Aim of the task ▸
Using the data below, set down every line from the one containing "A stunning green" through the one containing "電競螢幕 (DP/HDMI/Rapid IPS/1ms/180Hz/Adaptive-Sync/黑平衡/無喇叭/三年保固)", inclusive and unchanged. Pictures are to be skipped.

Information provided ▸
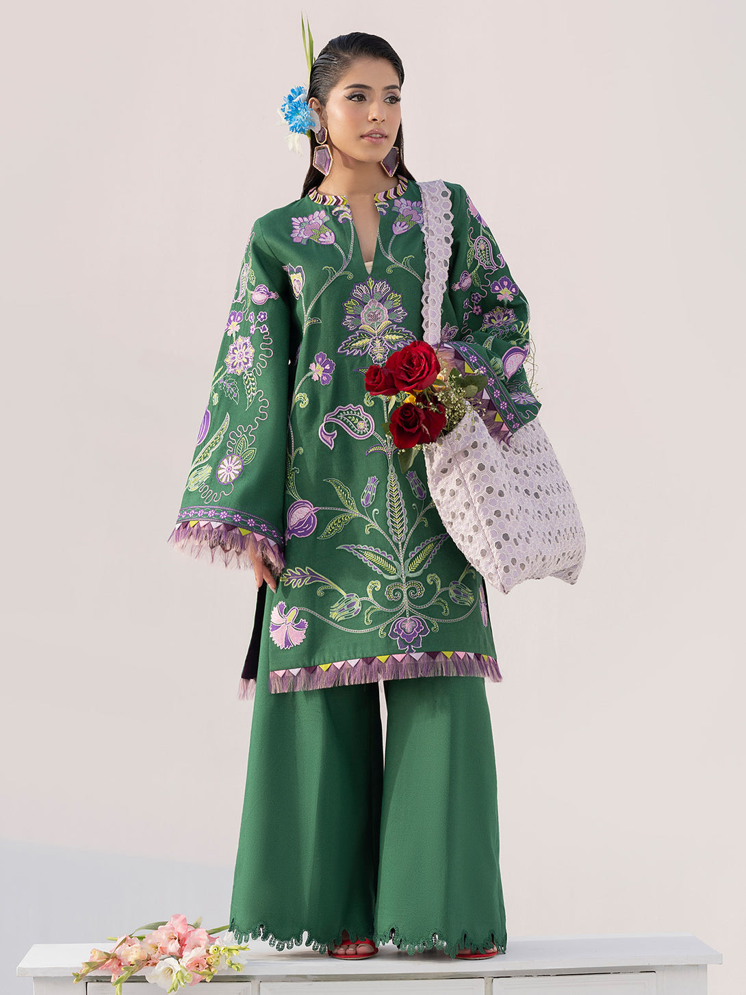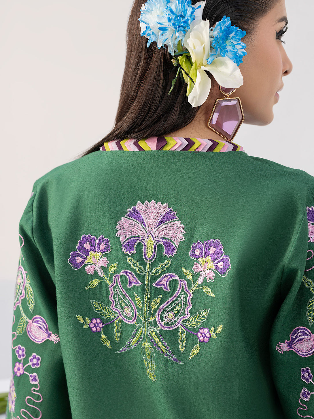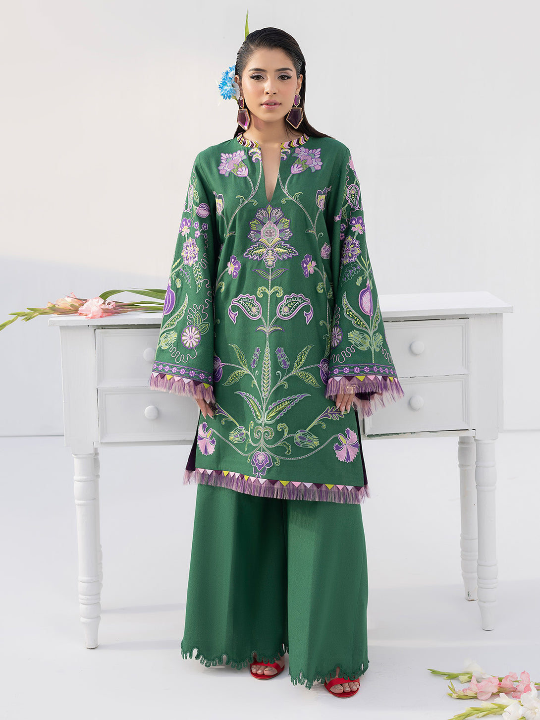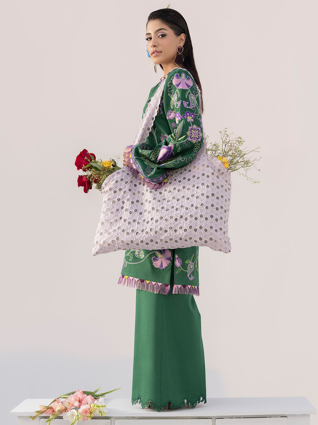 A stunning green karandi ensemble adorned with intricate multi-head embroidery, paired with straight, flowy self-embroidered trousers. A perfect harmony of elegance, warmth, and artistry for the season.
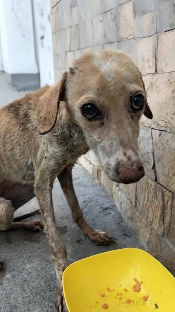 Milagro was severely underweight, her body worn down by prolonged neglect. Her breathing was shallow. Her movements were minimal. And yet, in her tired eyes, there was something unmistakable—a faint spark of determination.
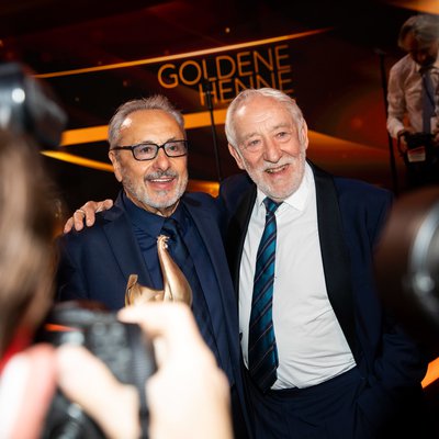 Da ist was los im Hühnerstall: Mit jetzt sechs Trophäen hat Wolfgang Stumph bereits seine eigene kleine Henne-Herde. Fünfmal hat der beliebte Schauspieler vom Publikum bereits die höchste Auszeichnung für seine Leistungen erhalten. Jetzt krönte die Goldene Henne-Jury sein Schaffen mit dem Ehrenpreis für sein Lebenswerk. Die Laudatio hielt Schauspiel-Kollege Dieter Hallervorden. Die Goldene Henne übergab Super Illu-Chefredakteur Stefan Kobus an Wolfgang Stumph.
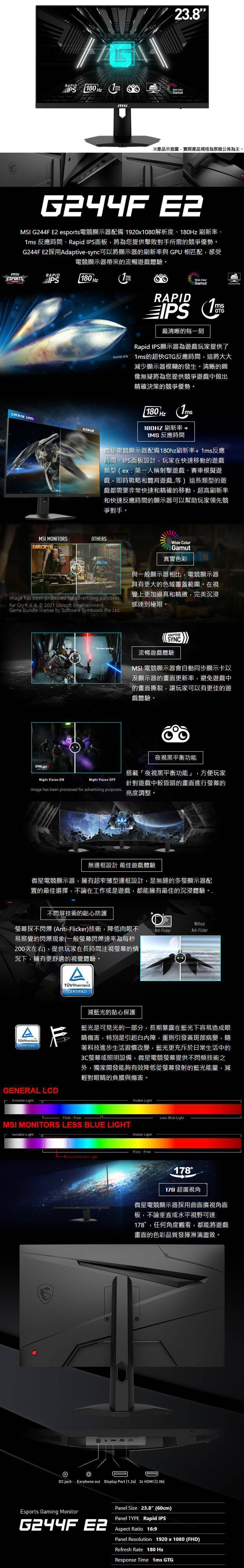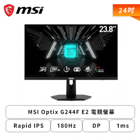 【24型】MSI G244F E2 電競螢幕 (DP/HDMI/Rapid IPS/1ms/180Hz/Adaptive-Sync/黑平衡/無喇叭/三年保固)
--
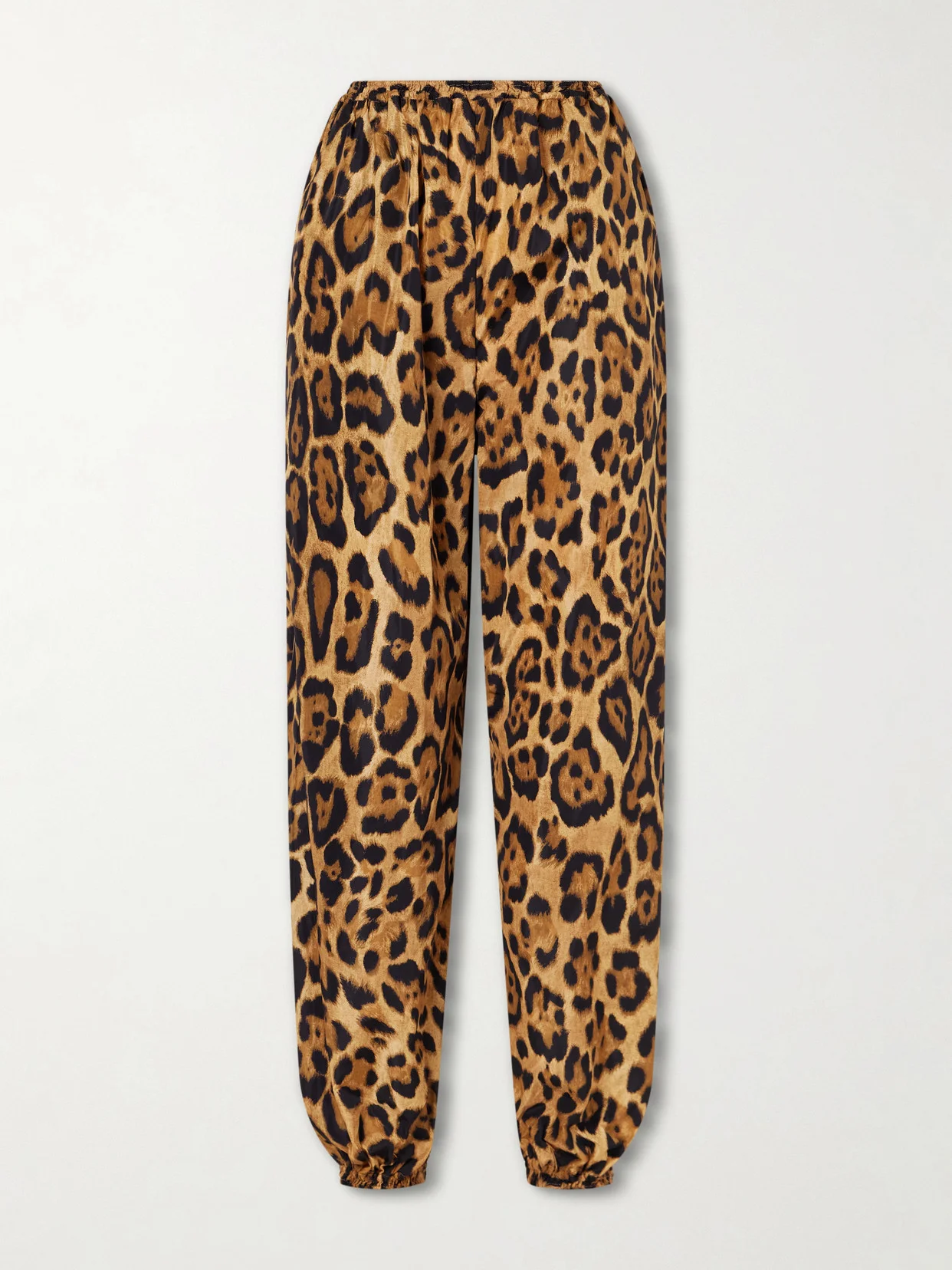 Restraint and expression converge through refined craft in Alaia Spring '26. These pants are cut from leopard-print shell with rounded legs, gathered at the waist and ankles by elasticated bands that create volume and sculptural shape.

Solved problem ▸
 A stunning green karandi ensemble adorned with intricate multi-head embroidery, paired with straight, flowy self-embroidered trousers. A perfect harmony of elegance, warmth, and artistry for the season.
 Milagro was severely underweight, her body worn down by prolonged neglect. Her breathing was shallow. Her movements were minimal. And yet, in her tired eyes, there was something unmistakable—a faint spark of determination.
 Da ist was los im Hühnerstall: Mit jetzt sechs Trophäen hat Wolfgang Stumph bereits seine eigene kleine Henne-Herde. Fünfmal hat der beliebte Schauspieler vom Publikum bereits die höchste Auszeichnung für seine Leistungen erhalten. Jetzt krönte die Goldene Henne-Jury sein Schaffen mit dem Ehrenpreis für sein Lebenswerk. Die Laudatio hielt Schauspiel-Kollege Dieter Hallervorden. Die Goldene Henne übergab Super Illu-Chefredakteur Stefan Kobus an Wolfgang Stumph.
 【24型】MSI G244F E2 電競螢幕 (DP/HDMI/Rapid IPS/1ms/180Hz/Adaptive-Sync/黑平衡/無喇叭/三年保固)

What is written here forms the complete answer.